── SOURCE MATERIAL ──

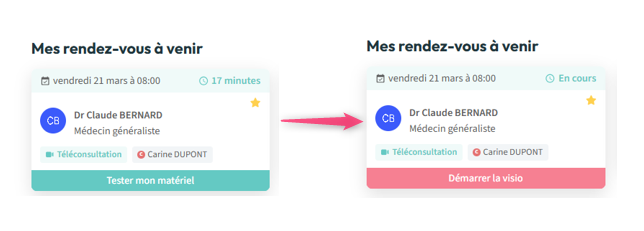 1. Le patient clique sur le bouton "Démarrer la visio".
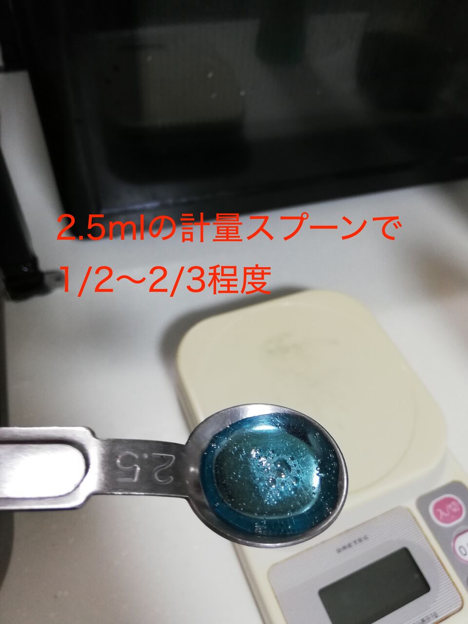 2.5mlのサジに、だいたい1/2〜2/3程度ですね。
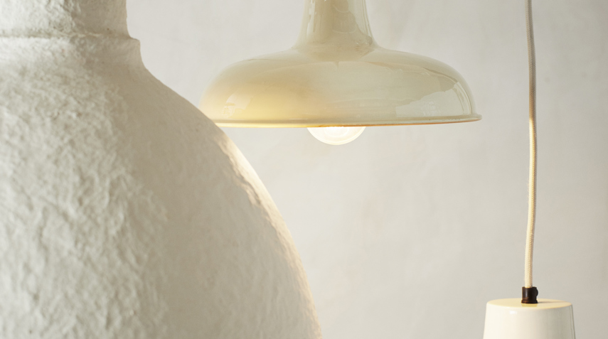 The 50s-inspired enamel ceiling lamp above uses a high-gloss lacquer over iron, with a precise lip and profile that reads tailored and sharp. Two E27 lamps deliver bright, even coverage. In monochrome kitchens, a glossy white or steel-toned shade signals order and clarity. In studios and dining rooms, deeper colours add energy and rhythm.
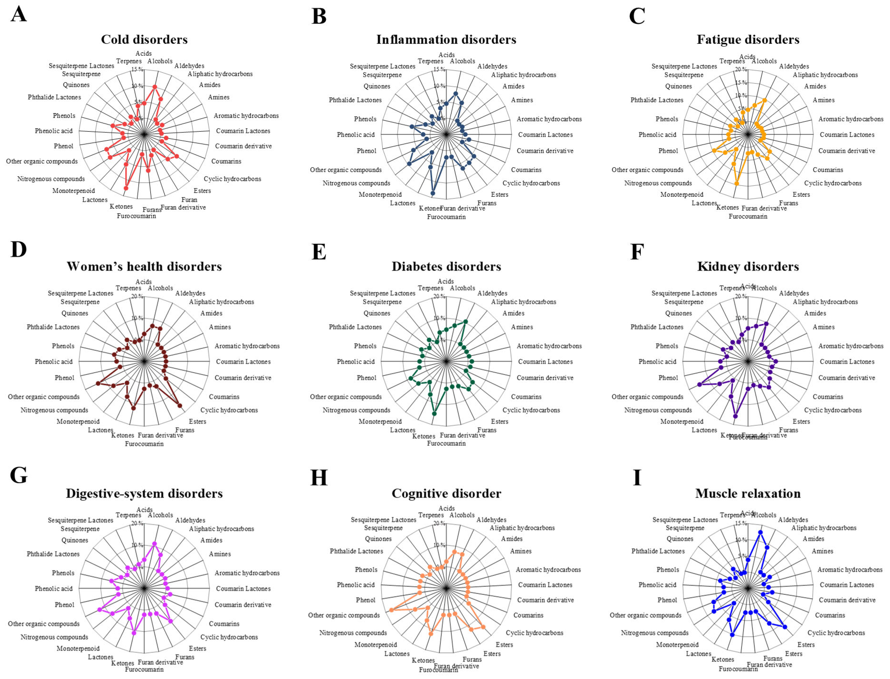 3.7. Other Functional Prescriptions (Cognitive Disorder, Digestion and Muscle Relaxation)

───

> ACTIVITY: The expected answer is the line with "The 50s-inspired enamel" followed by every remaining line of the listing, each restated exactly, with all pictures dropped.

> SOLUTION TO THIS EXERCISE:
 The 50s-inspired enamel ceiling lamp above uses a high-gloss lacquer over iron, with a precise lip and profile that reads tailored and sharp. Two E27 lamps deliver bright, even coverage. In monochrome kitchens, a glossy white or steel-toned shade signals order and clarity. In studios and dining rooms, deeper colours add energy and rhythm.
 3.7. Other Functional Prescriptions (Cognitive Disorder, Digestion and Muscle Relaxation)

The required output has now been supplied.